What is Physics all about?

VCE Physics provides for continuing study pathways within the discipline and leads to a range of careers. Physicists may undertake research and development in specialist areas including acoustics, astrophysics and cosmology, atmospheric physics, computational physics, education, energy research, engineering, instrumentation, lasers and photonics, medical physics, nuclear science, optics, pyrotechnics and radiography.

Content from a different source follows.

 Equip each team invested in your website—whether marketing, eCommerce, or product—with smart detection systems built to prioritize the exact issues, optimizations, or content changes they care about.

Physicists also work in cross-disciplinary areas such as bushfire research, climate science, forensic science, geology, materials science, neuroscience and sports science.

This study enables students to:

    • Apply physics models, theories and concepts to describe, explain, analyse and make predictions about diverse physical phenomena
    • Understand and use the language and methodologies of physics to solve qualitative and quantitative problems in familiar and unfamiliar contexts
    • Understand the cooperative, cumulative, evolutionary and interdisciplinary nature of science as a human endeavour, including its possibilities, limitations and political and sociocultural influences
    • Develop a range of individual and collaborative science-investigation skills through experimental and inquiry tasks in the field and in the laboratory
    • Develop an informed perspective on contemporary science-based issues of local and global significance
    • Apply their scientific understanding to familiar and unfamiliar situations, including personal, social, environmental and technological contexts
    • Develop attitudes that include curiosity, open-mindedness, creativity, flexibility, integrity, attention to detail and respect for evidence-based conclusions
    • Understand and apply the research, ethical and safety principles that govern the study and practice of the discipline in the collection, analysis, critical evaluation and reporting of data
    • Communicate clearly and accurately an understanding of the discipline using appropriate terminology, conventions and formats


The study is made up of four units.

Unit 1: What ideas explain the physical world?

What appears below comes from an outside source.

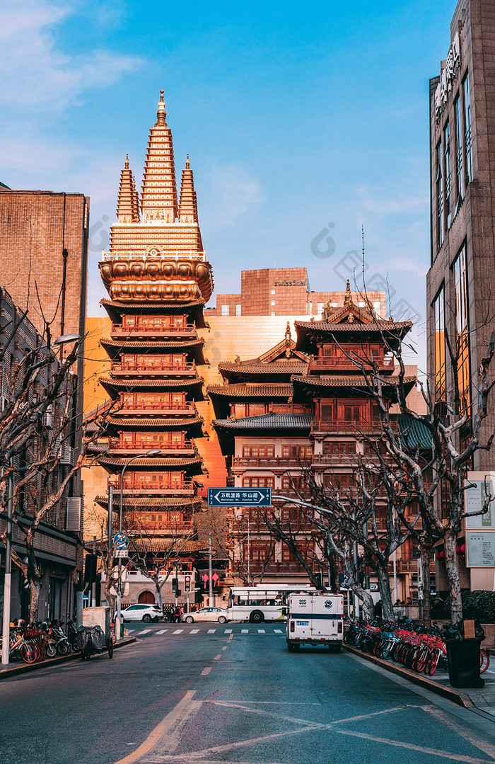 金光闪烁上海静安寺摄影图片

In this unit students use thermodynamic principles to explain phenomena related to changes in thermal energy. Students examine the motion of electrons and explain how it can be manipulated and utilised. They explore current scientifically accepted theories that explain how matter and energy have changed since the origins of the Universe. Students undertake quantitative investigations involving at least one independent, continuous variable

Unit 2: What do experiments reveal about the physical world?

In the core component of this unit students investigate the ways in which forces are involved both in moving objects and in keeping objects stationary. Students choose one of twelve options related to astrobiology, astrophysics, bioelectricity, biomechanics, electronics, flight, medical physics, nuclear energy, nuclear physics, optics, sound and sports science. Students design and undertake investigations involving at least one independent, continuous variable.

Unit 3: How do fields explain motion and electricity?

In this unit students apply the concepts related to fields include the transmission of electricity over large distances and the design and operation of particle accelerators. They explore the interactions, effects and applications of gravitational, electric and magnetic fields. Students use Newton’s laws to investigate motion in one and two dimensions, and are introduced to Einstein’s theories to explain the motion of very fast objects. Students design and undertake investigations involving at least two continuous independent variables.

Unit 4: How can two contradictory models explain both light and matter?

In this unit, students explore the use of wave and particle theories to model the properties of light and matter. They examine how the concept of the wave is used to explain the nature of light and explore its limitations in describing light behaviour. Students further investigate light by using a particle model to explain its behaviour. A wave model is also used to explain the behaviour of matter which enables students to consider the relationship between light and matter. Students design and undertake investigations involving at least two continuous independent variables.


There are no prerequisites for entry to Units 1, 2 and 3. However, students who enter the study at Unit 3 may need to do preparatory work based on Unit 1 and Unit 2, as specified by the teacher. Students must undertake Unit 3 prior to undertaking Unit 4.

Levels of Achievement

Units 1 and 2

School based assessment consisting of coursework, assessment tasks and an exam

Units 3 and 4

School assessed coursework and an end-of-year examination.